▶ _Activity_: Set down, exactly as written, the line containing "常绿小乔木。树冠整齐成层,枝" and all the lines that follow it to the end of the entries below, omitting every picture.

Source records:
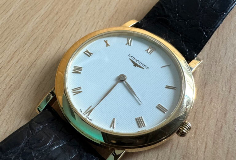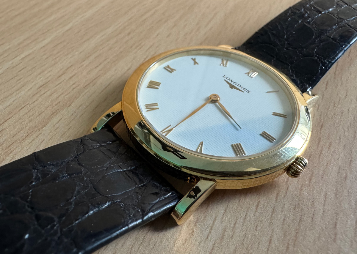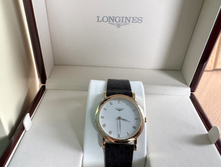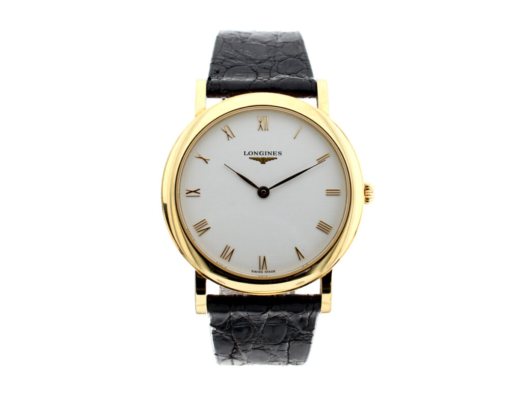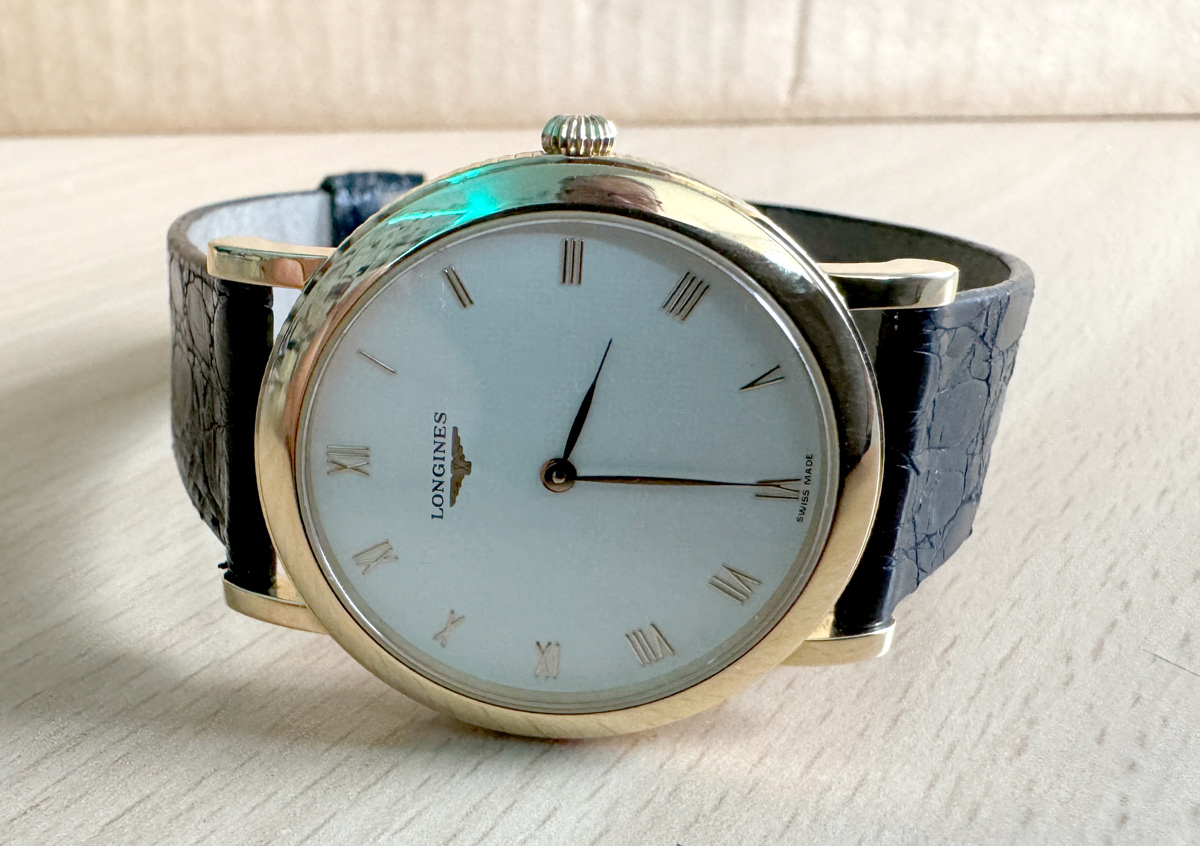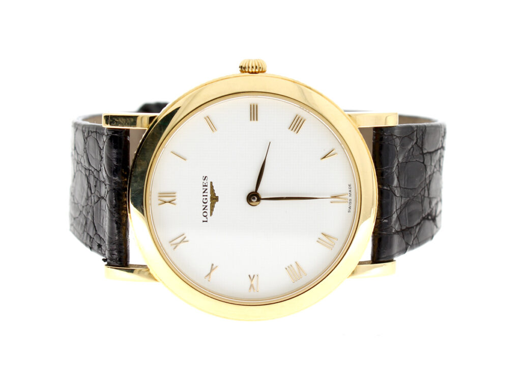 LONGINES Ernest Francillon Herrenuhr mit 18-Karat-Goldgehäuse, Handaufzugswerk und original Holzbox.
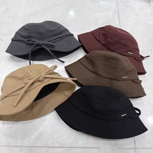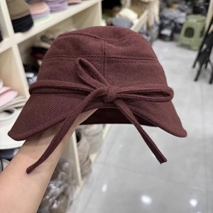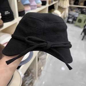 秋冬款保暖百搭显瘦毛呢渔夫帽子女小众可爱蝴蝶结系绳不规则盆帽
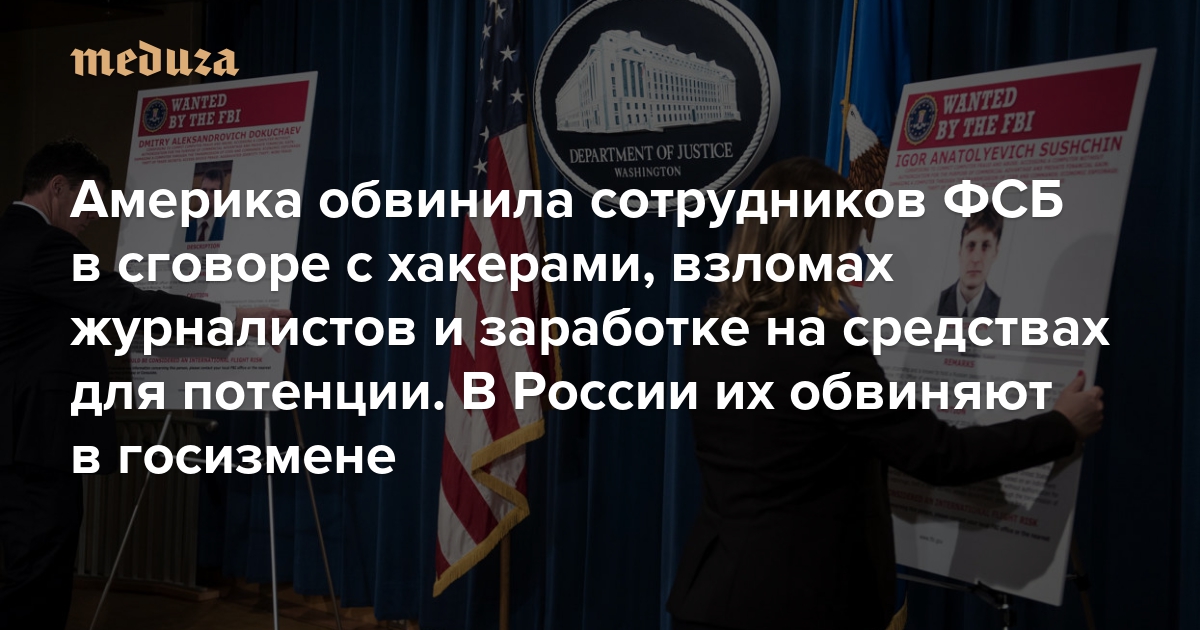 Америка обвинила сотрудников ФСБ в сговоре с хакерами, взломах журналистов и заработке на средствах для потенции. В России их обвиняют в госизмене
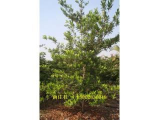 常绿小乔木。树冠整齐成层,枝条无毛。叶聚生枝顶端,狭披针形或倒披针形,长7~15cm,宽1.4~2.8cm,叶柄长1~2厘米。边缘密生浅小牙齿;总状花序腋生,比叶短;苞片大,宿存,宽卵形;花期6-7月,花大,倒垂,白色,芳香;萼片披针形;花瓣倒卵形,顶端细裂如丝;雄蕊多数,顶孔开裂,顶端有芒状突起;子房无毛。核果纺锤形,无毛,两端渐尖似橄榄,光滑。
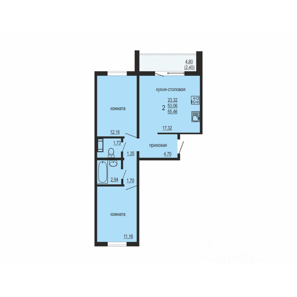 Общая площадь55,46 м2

▶ _Finished exercise_:
 常绿小乔木。树冠整齐成层,枝条无毛。叶聚生枝顶端,狭披针形或倒披针形,长7~15cm,宽1.4~2.8cm,叶柄长1~2厘米。边缘密生浅小牙齿;总状花序腋生,比叶短;苞片大,宿存,宽卵形;花期6-7月,花大,倒垂,白色,芳香;萼片披针形;花瓣倒卵形,顶端细裂如丝;雄蕊多数,顶孔开裂,顶端有芒状突起;子房无毛。核果纺锤形,无毛,两端渐尖似橄榄,光滑。
 Общая площадь55,46 м2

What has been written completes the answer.